> [Collected data]:
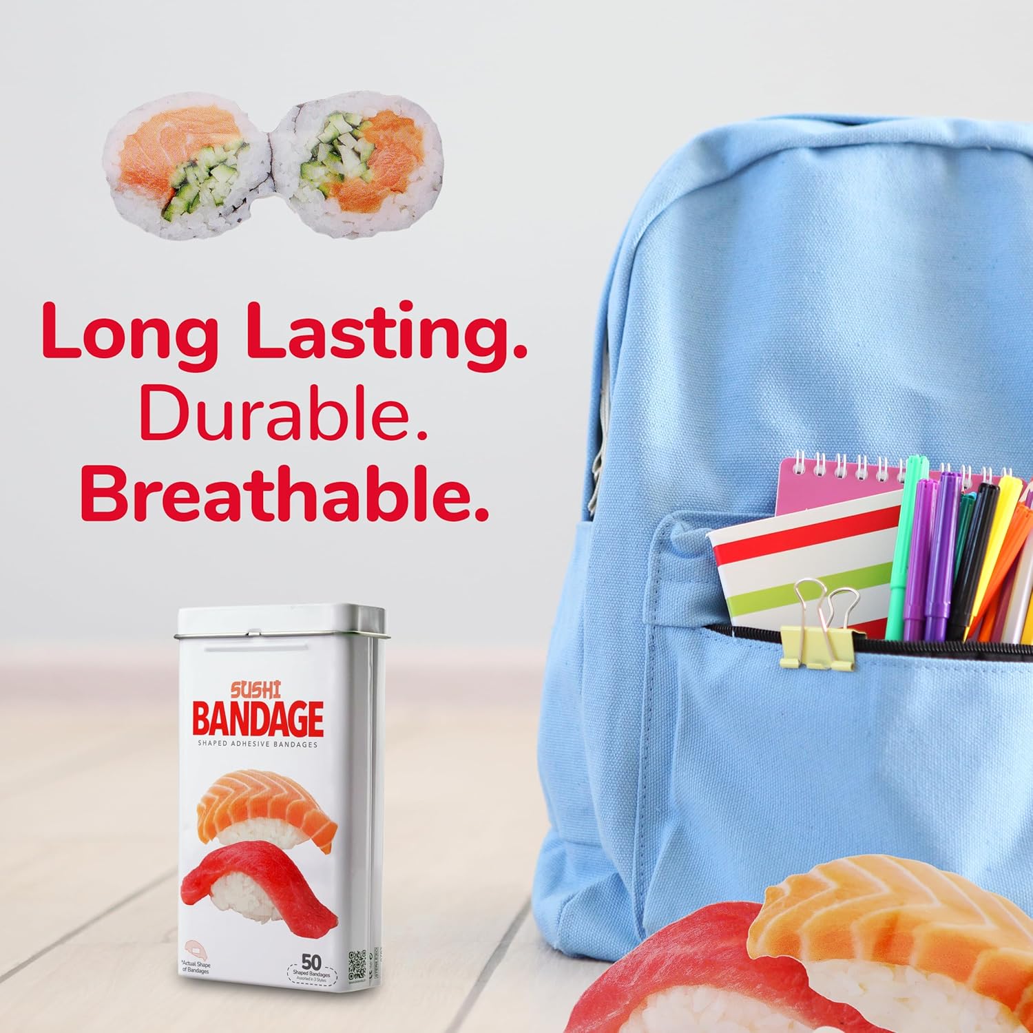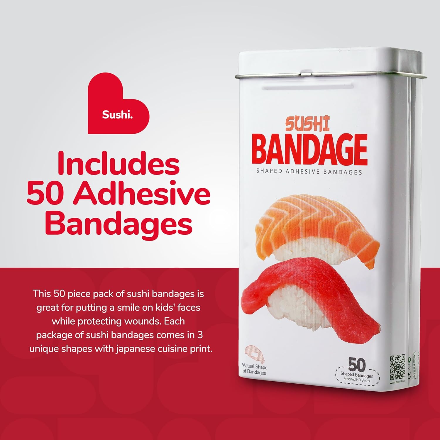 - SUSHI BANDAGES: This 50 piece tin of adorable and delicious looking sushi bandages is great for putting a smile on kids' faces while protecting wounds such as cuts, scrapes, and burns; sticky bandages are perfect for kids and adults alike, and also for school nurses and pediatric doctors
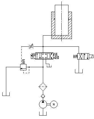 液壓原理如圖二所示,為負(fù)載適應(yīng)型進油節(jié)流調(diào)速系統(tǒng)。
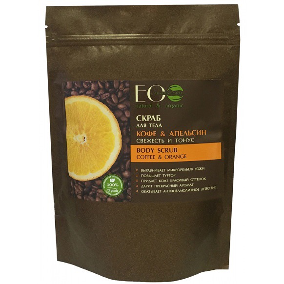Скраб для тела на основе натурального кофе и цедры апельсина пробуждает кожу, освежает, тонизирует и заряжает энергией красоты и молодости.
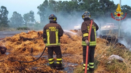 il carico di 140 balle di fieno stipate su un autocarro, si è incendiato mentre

> [Instructions for the task]:
Above is a listing with pictures. Write it out exactly without them.

> [Worked solution]:
 - SUSHI BANDAGES: This 50 piece tin of adorable and delicious looking sushi bandages is great for putting a smile on kids' faces while protecting wounds such as cuts, scrapes, and burns; sticky bandages are perfect for kids and adults alike, and also for school nurses and pediatric doctors
 液壓原理如圖二所示,為負(fù)載適應(yīng)型進油節(jié)流調(diào)速系統(tǒng)。
Скраб для тела на основе натурального кофе и цедры апельсина пробуждает кожу, освежает, тонизирует и заряжает энергией красоты и молодости.
 il carico di 140 balle di fieno stipate su un autocarro, si è incendiato mentre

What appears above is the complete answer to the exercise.